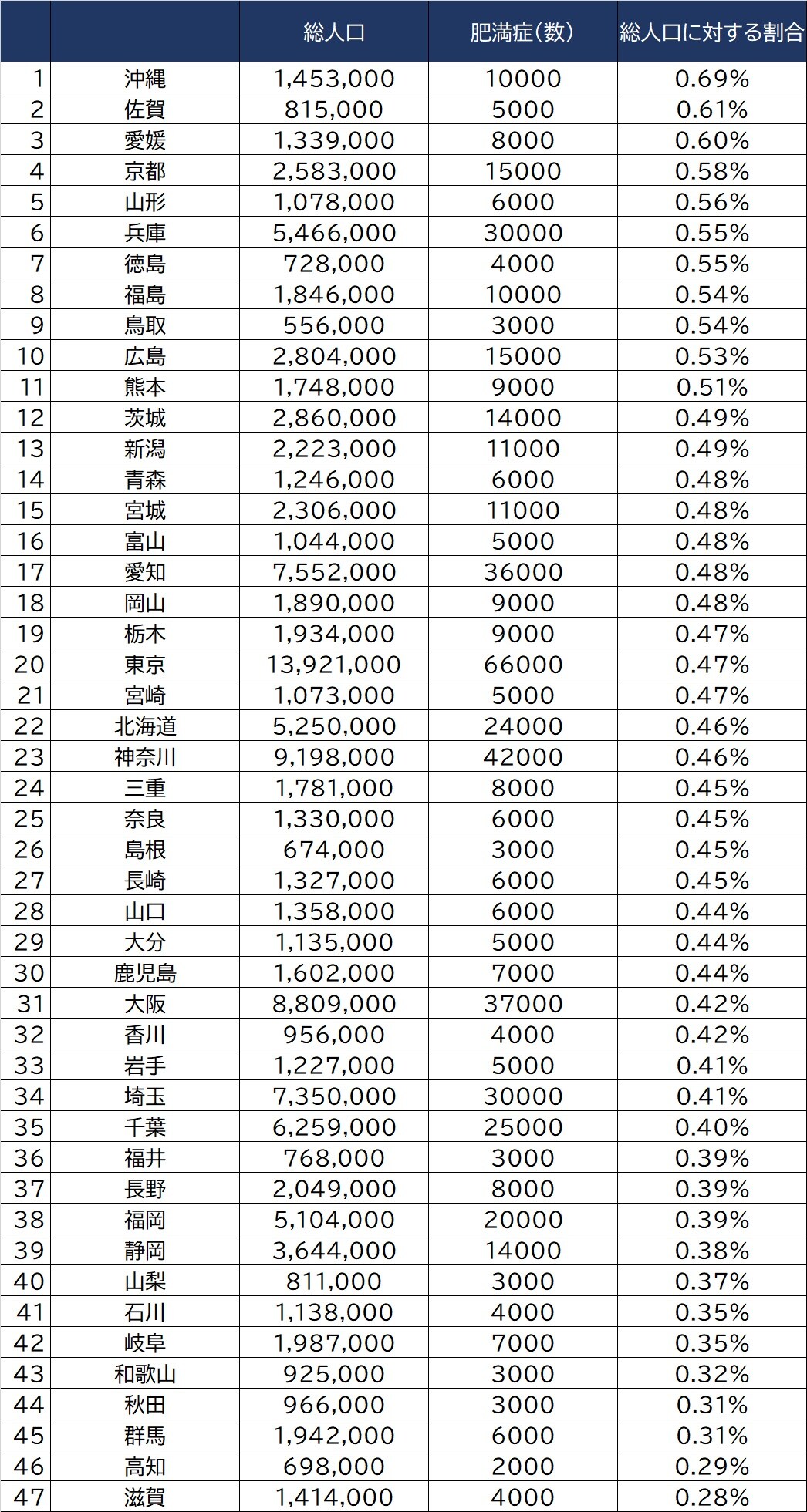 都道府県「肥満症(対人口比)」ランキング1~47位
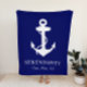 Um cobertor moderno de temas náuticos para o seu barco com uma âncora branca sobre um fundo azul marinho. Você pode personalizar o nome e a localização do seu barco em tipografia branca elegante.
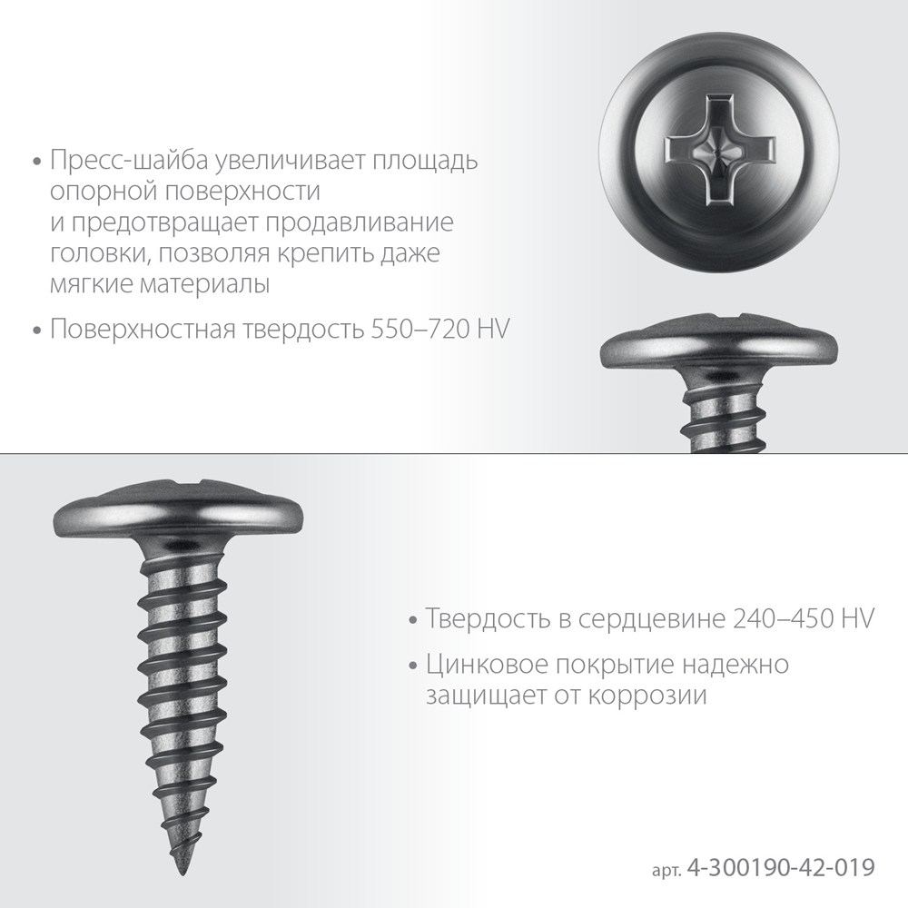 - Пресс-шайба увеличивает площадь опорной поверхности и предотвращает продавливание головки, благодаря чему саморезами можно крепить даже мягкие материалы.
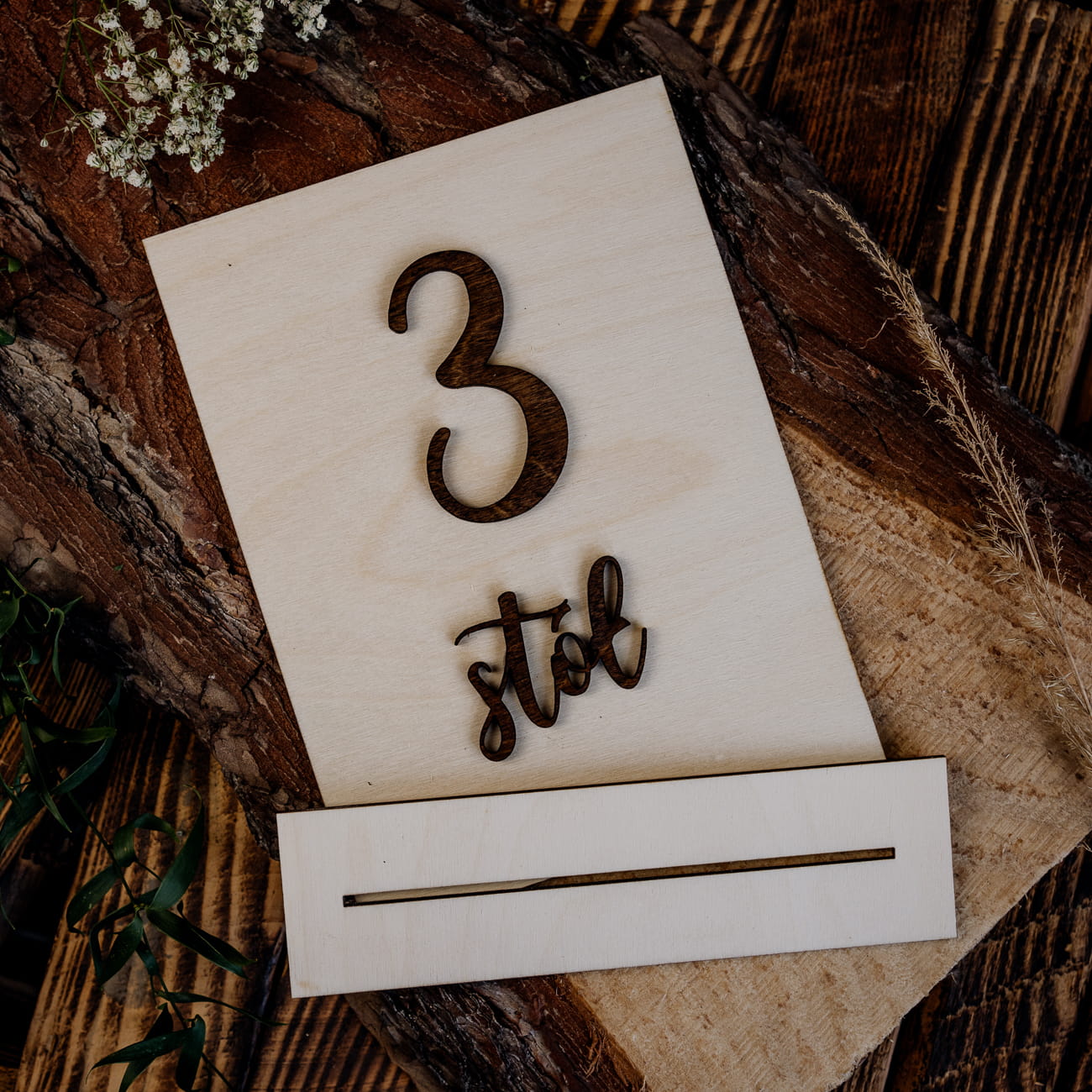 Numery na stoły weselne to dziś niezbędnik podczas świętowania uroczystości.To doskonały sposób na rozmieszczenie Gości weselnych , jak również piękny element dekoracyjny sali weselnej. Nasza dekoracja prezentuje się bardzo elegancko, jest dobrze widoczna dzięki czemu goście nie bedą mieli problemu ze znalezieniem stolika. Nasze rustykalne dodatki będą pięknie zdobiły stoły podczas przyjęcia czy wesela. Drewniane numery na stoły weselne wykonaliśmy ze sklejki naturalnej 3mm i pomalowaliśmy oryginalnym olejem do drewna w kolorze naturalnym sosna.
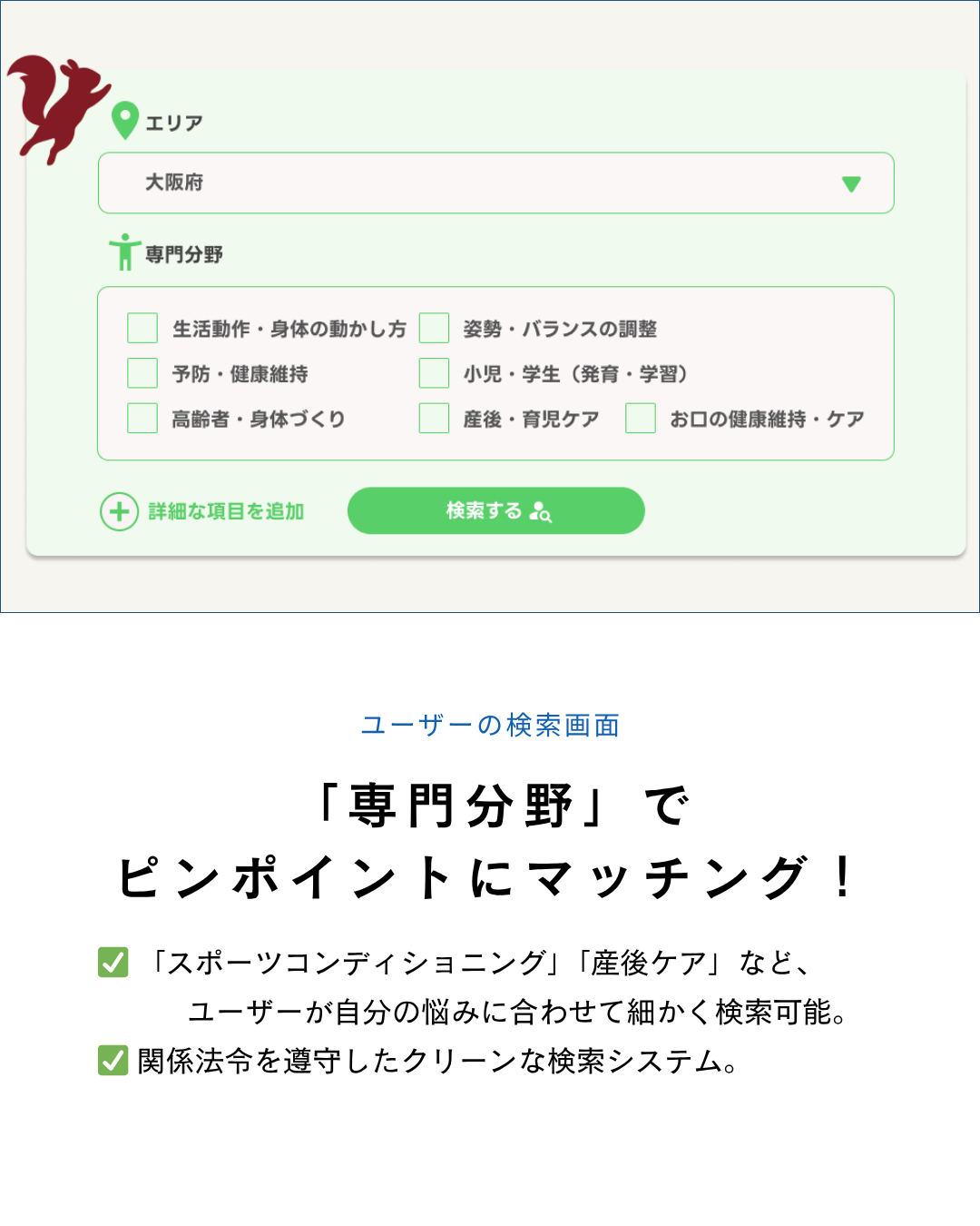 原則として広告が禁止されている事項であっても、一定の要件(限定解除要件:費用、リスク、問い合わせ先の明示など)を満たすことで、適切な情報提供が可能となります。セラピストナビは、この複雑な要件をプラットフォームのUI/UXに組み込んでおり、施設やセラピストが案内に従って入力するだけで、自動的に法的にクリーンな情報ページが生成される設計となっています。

• _GOAL OF THE EXERCISE_
Give every entry above again, exactly, and keep all pictures out of it.

• _RESULT FOR THIS EXERCISE_
 都道府県「肥満症(対人口比)」ランキング1~47位
 Um cobertor moderno de temas náuticos para o seu barco com uma âncora branca sobre um fundo azul marinho. Você pode personalizar o nome e a localização do seu barco em tipografia branca elegante.
 - Пресс-шайба увеличивает площадь опорной поверхности и предотвращает продавливание головки, благодаря чему саморезами можно крепить даже мягкие материалы.
 Numery na stoły weselne to dziś niezbędnik podczas świętowania uroczystości.To doskonały sposób na rozmieszczenie Gości weselnych , jak również piękny element dekoracyjny sali weselnej. Nasza dekoracja prezentuje się bardzo elegancko, jest dobrze widoczna dzięki czemu goście nie bedą mieli problemu ze znalezieniem stolika. Nasze rustykalne dodatki będą pięknie zdobiły stoły podczas przyjęcia czy wesela. Drewniane numery na stoły weselne wykonaliśmy ze sklejki naturalnej 3mm i pomalowaliśmy oryginalnym olejem do drewna w kolorze naturalnym sosna.
 原則として広告が禁止されている事項であっても、一定の要件(限定解除要件:費用、リスク、問い合わせ先の明示など)を満たすことで、適切な情報提供が可能となります。セラピストナビは、この複雑な要件をプラットフォームのUI/UXに組み込んでおり、施設やセラピストが案内に従って入力するだけで、自動的に法的にクリーンな情報ページが生成される設計となっています。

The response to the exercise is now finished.